Tajikistan: Citizen journalists targeted by relentless repression machine
Daler Imomali in a recent video blog. / Screen grab.
By Eurasianet June 22, 2022

For lack of any more targets to torment, Tajikistan’s increasingly repressive dictatorship has turned its attention toward videoblogging citizen journalists.

Over the weekend, the Shohmansur district court ruled to place Daler Imomali under arrest for at least two months pending investigations into claims of fraud, falsely reporting a crime and involvement in the activities of a proscribed organisation.

Abdullo Gurbati is facing charges of assaulting a state official.

The two journalists have gained strong followings on YouTube through their public interest reporting. Their reports regularly feature scenes of them confronting heads of ministries and government departments at open days.

In one recent video uploaded to YouTube, Imomali looks at the botched work on a long-delayed row of apartment blocks. The project is understood to be the work of a company owned by a top government official related by marriage to President Emomali Rahmon.

Imomali’s lawyer says his client has admitted to some of the charges against him. Free and fair trials for defendants charged on politicised cases do not exist in Tajikistan, so it is unclear whether his plea was only tactical.

Gurbati has rejected all accusations against him. The offending incident appears to have occurred after an occasion on which he was detained by the police.

“I had absolutely no notion or intention of getting into a dispute with police officers. They had released me. I wanted to leave [the building]. But at the exit, an officer with the Shohmansur district police blocked my way. Then they detained me again and returned me to the police precinct. Now they’re saying I beat up a policeman,” Gurbati said through his lawyer.
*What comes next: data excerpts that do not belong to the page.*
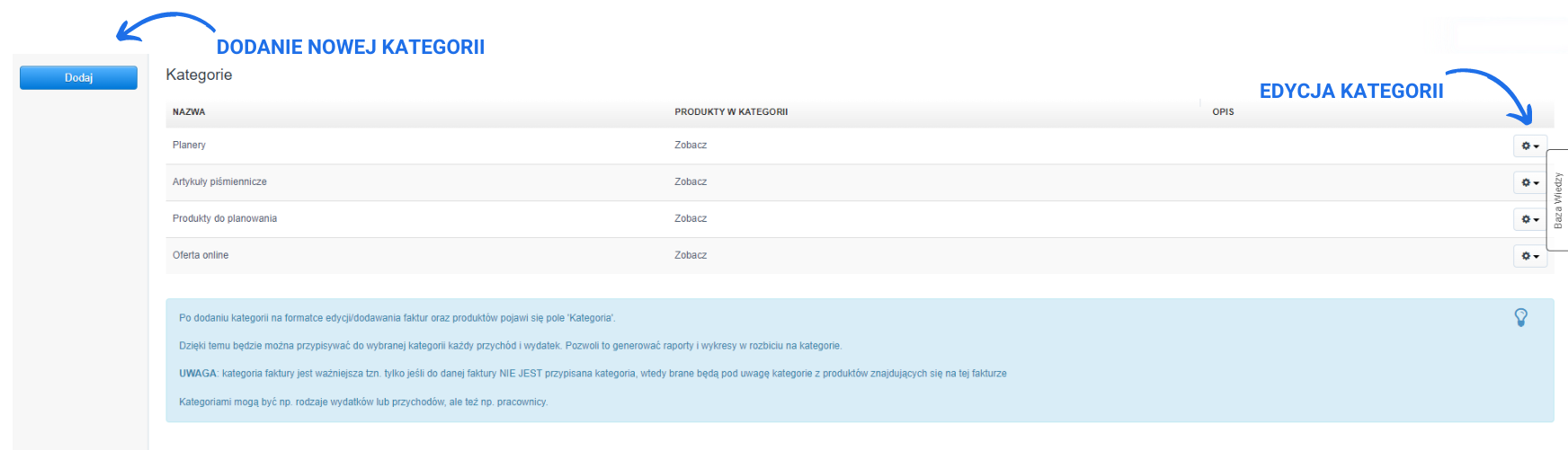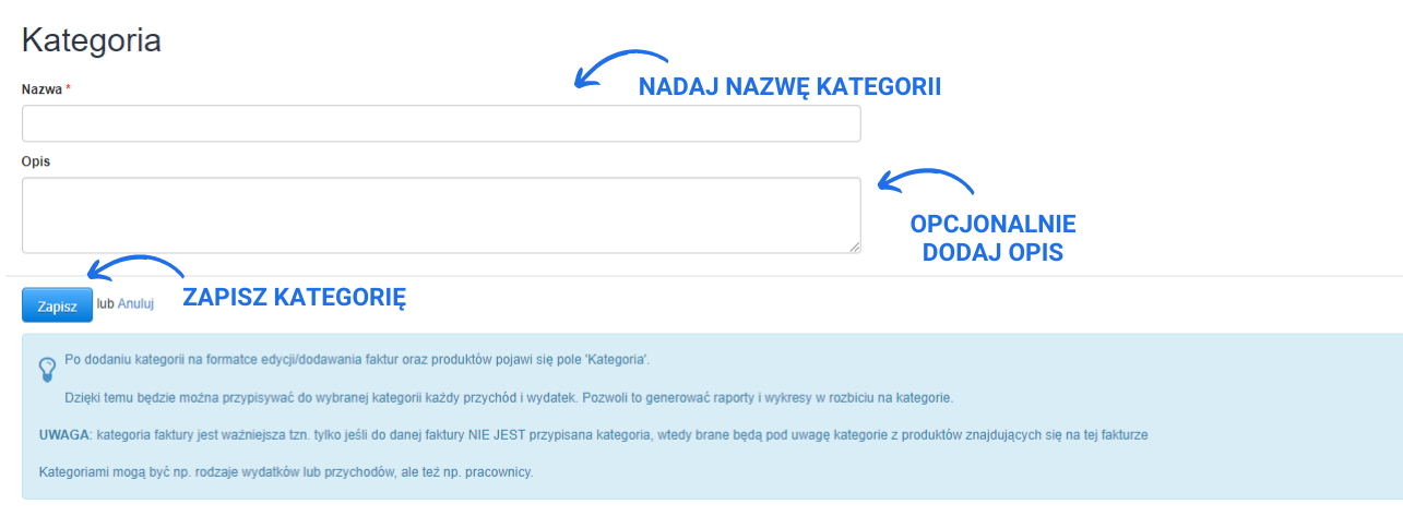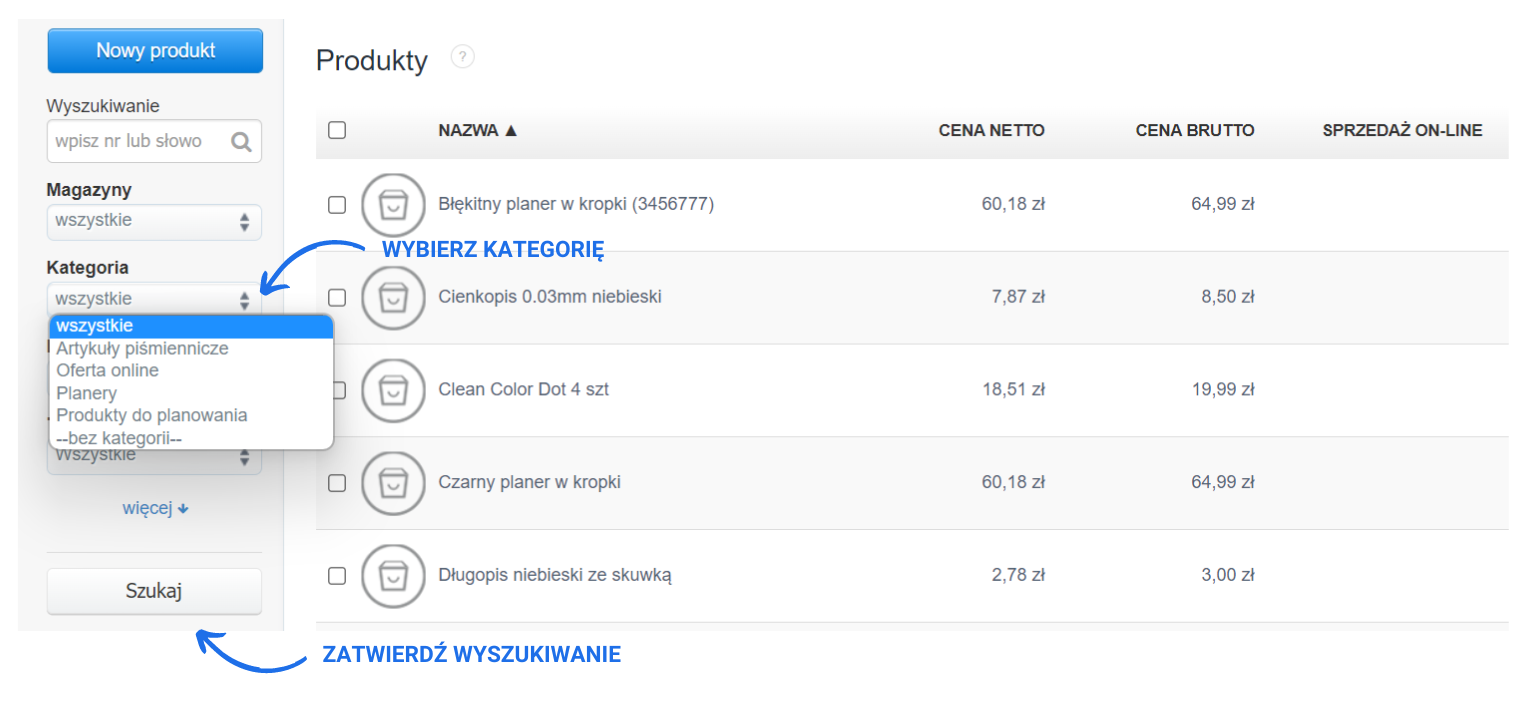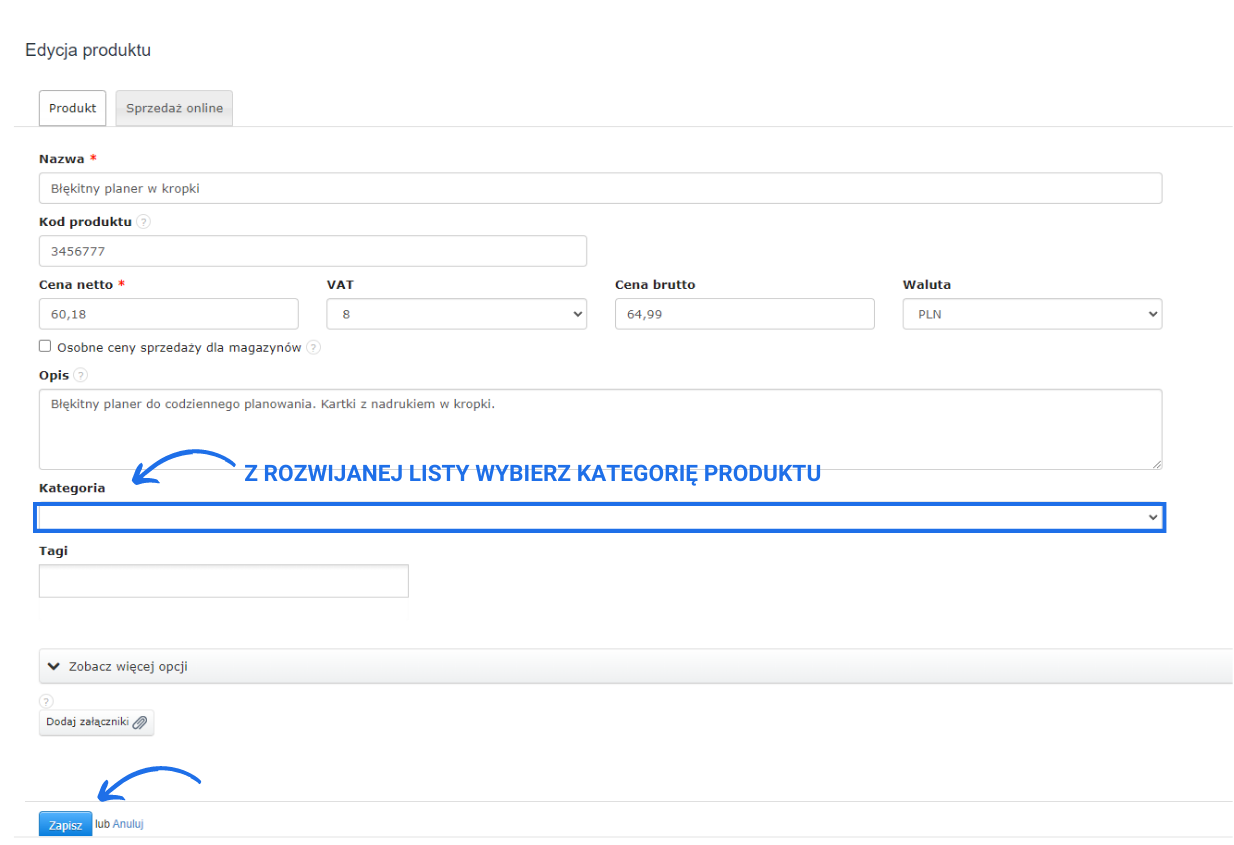 Dodawanie produktów do odpowiedniej kategorii odbywa się następująco. Zaczynamy od stworzenia odpowiedniej kategorii wchodząc w zakładkę Ustawienia > Kategorie > Dodaj nową. Po kliknięciu Dodaj, dla kategorii ustal nazwę, opcjonalnie dodaj opis kategorii i zatwierdź jej utworzenie klikając Zapisz. Następnie wejdź w zakładkę Magazyn > Produkty i dodaj nowy produkt bądź edytuj istniejący. Kategorie nadajemy z poziomu karty produktu wybierając ją z rubryki Kategoria. Wprowadzone zmiany zatwierdź klikając Zapisz. O tego momentu produkt ma przypisaną kategorię. Bardzo szybko możesz odnaleźć na liście produktów w danym magazynie produkty, które przypisane są do danej kategorii. Wystarczy w tym celu użyć filtra Kategoria znajdującego się w panelu bocznym zakładki Produkty.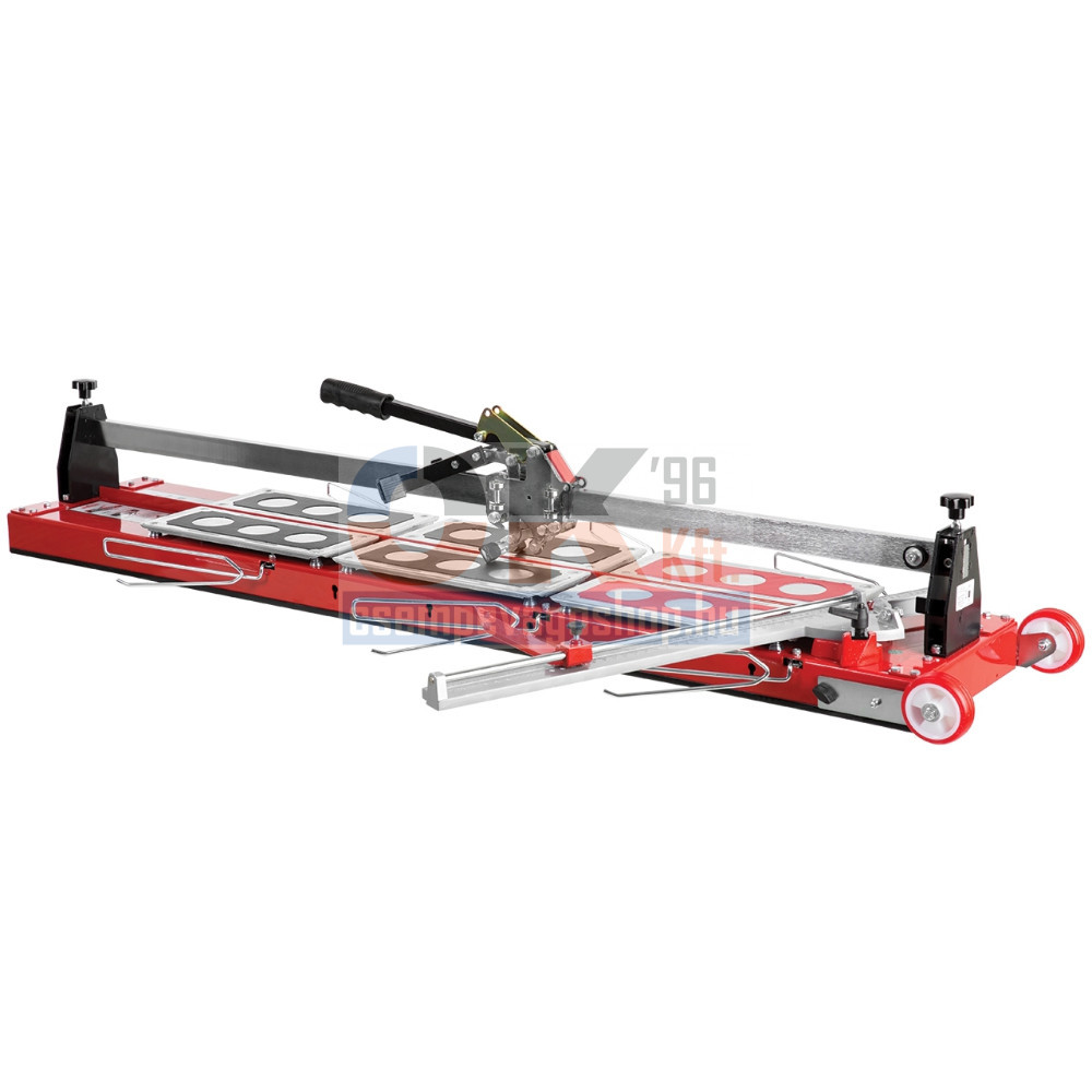 A masszív, vastag, 40x15 mm-es vezetősin, a csapágyazott vágókar és a dupla törőtalp teszi lehetővé a vastagabb burkolatok vágását és elroppantását. A nagyméretű, csapágyas vágókerék ideális rusztikus felületű lapok vágásához is. Az állítható derékszögnek köszönhetően diagonál és párhuzamos vágásokhoz is alkalmas.
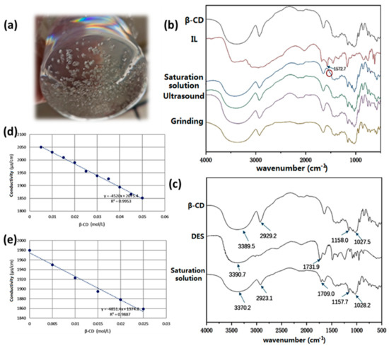 - Das, K.; Datta, B.; Rajbanshi, B.; Roy, M.N. Evidences for inclusion and encapsulation of an ionic liquid with β-CD and 18-C-6 in aqueous environments by physicochemical investigation. J. Phys. Chem. B 2018, 122, 1679. [Google Scholar] [CrossRef] [PubMed]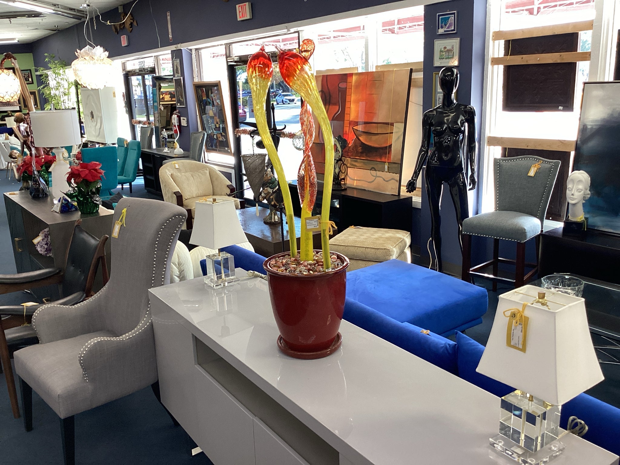 Yellow Orange Art Glass Flower Arrangement With Pot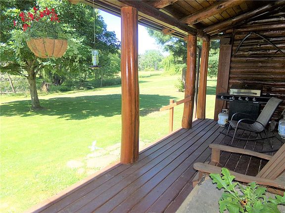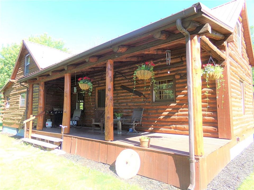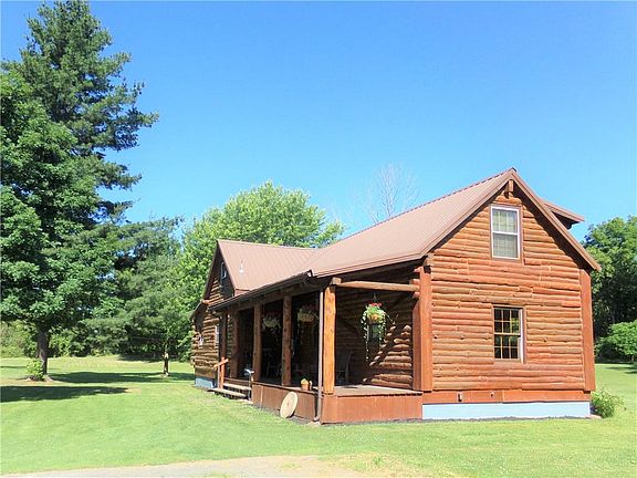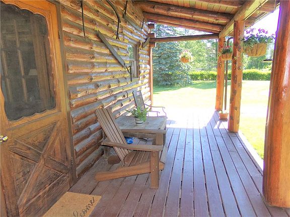 If you enjoy the Adirondacks, then this home is for you. A 2000+ square foot "full log" log home sits on 4.6 acres of land. With a metal roof and recent exterior renovations, you can relax here worry free. The exterior renovations included chinking and sealing of the entire house and replacement of both porch floors. The property hosts a wide verity of trees and has a large wooded area. The interior has a very convenient layout. A large solid oak kitchen with attached eating area and living room. The other end of the house, has an additional living area for a den or family room. Two full bathrooms and first floor laundry provides the convenience rarely found in log homes. Square footage based of blueprints and differs from tax record because the seller added 16 x 16 living space upstairs. A full basement with Bilco doors offers plenty of storage space. With two large covered porches, the hot sun or a summer rain will not force you inside.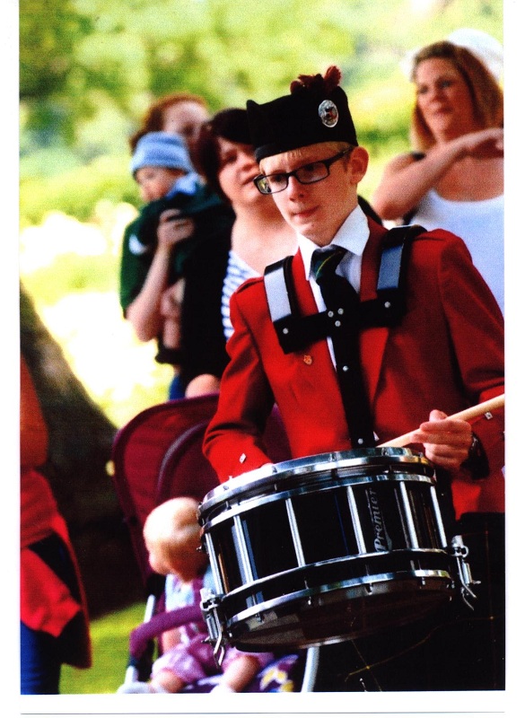 | June 2012. Armed Forces Day - Henley-in-Arden Left to Right: Andy Walker, John McGee (hidden), Alan Kitchen, Alan Pollock, Allan Baxter, Peter Cound, Andy King, Simon Hayward, Thomas Weithaler (standing at front), Dave Mellor, Tom Taverner (Leading Drummer), Keith Murphy (Drum Major), Phillip Taverner, Luke Donaldson, Carl Gray, Alice Murphy, Jonathan Prior, Mike Hope, Malcolm Chant, John Cadman (Pipe Major) 495Kb - Photo by Sue Hope | |

Supporters of the two men have in a desperate bid for clemency appealed to the mayor of Dushanbe, Rustam Emomali, who is also the chair of the Senate and the president’s son.

Fire is also being directed at Asia-Plus, the last independent and locally run news outlet surviving in the country, albeit in more subtle ways. In a smear of the newspaper, Salomiddin Mirzorakhmatov, a Kazakhstan-based commentator with widely suspected links to the Tajik State Committee for National Security, accused the publication of unfairly monopolising the advertising market and accepting grants from foreign governments to pursue goals harmful to the Tajik state.

Mirzorakhmatov then went on to make allegations about how some Asia-Plus journalists make up to $800 a month, while their colleagues working for state media earn only $150.

“Practically all Tajik media workers live in penury. They look with envy at the well-fed and well-dressed journalists of the American, pro-American and Western media. Many of them dream of getting a job there,” he wrote in a post on Facebook.

In another recent incident of note in mid-May, journalists from RFE/RL’s Tajik service were, after ending an interview with the now-jailed veteran journalist Ulfathonim Mamadshoeva, cornered by thugs, assaulted, and then had their voice recorders and cameras stolen. Police showed no interest in identifying the culprits.